The probability leakage, however, is often non-ignorable. I’ve seen 5-10% probability “leaked” using normals, which is a huge error. We don’t notice it because we’re too busy looking at the parameters.

David,

I’ll try and give some of these soon.

Doug M,

I: Your probability collapses because your model changes. Pr(C|E3) = 1/2; Pr(C|E3 & C) = 1.

II: Not so. The balls you removed give quite a lot of information about what’s remaining: the formula worked out shows how. Missing in this example is when we don’t know about N, which we assume we know here. However, we can do the same thing (model building) when N is unknown.

III: See my comment about the discreteness in Part III, which answers this.

IV: No, a normal stinks here. But it is often—very often—used in situations like this. Pick up any psychology or sociology journal to see. Anyway, the particular parameterized distribution doesn’t matter. The normal model *is* easy to work with, but that, as I’m sure you agree, is not a complete reason to us it.

DAV,

Well, I’ll blame it on my sub-par abilities to communicate. I’m trying to show what a model is, how they sometimes are deduced and sometimes subjectively constructed, how simplifications (such as using normals) can give unexpected errors, and finally how to judge a model’s worth.

Doug M, JH,

JH had a good criticism in Part III. Susy’s GPA could be (say) 11/3, which requires an infinite number of digits to express. But no system is capable of expressing these digits. Her report card, for example, will probably read 3.67, which acknowledges our finite knowledge.
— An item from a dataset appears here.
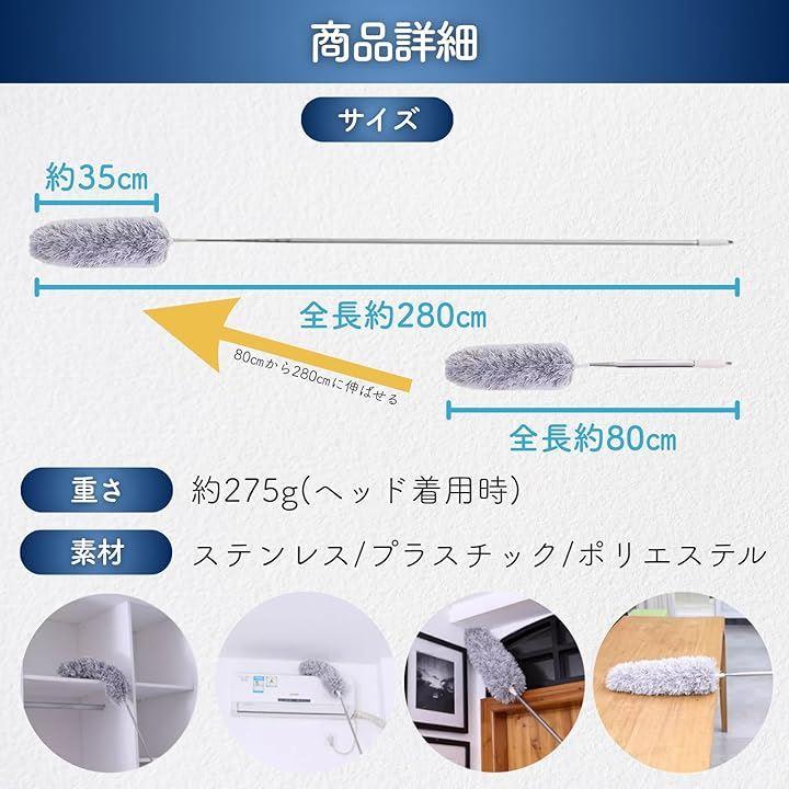 最短80cmから最長2.8mまで伸びる。軽量なので疲れにくく、冷蔵庫の上や棚の上・照明・冷房・窓・カーテンレールの上・天井・壁面など、手が届かない高い場所のお掃除に大活躍です。

The thing here is to begin discretely and with finite numbers and only take the limit at the end, if needed to make life easier.

Let me give an example of a bad use of the normal model: In the course of Suzy’s four years in college, she’ll take about 40 courses. If each of these is graded with about 10 levels (A, A-, B+, …, F), then an exact calculation of Suzy’s GPA requires the 40-fold convolution of the 10 level probability mass function. This is hard (at least for hand calculation). But we can use the normal approximation and estimate the convolution easily and accurately. Such a use of the central limit theorem is taught in every text.

But Suzy’s GPA distribution might be way off from those calculated numbers. The normal approximation hides a serious logical flaw in my example.

(Answer: the convolution formula assumes the grades are independent, which is unlikely to be true.)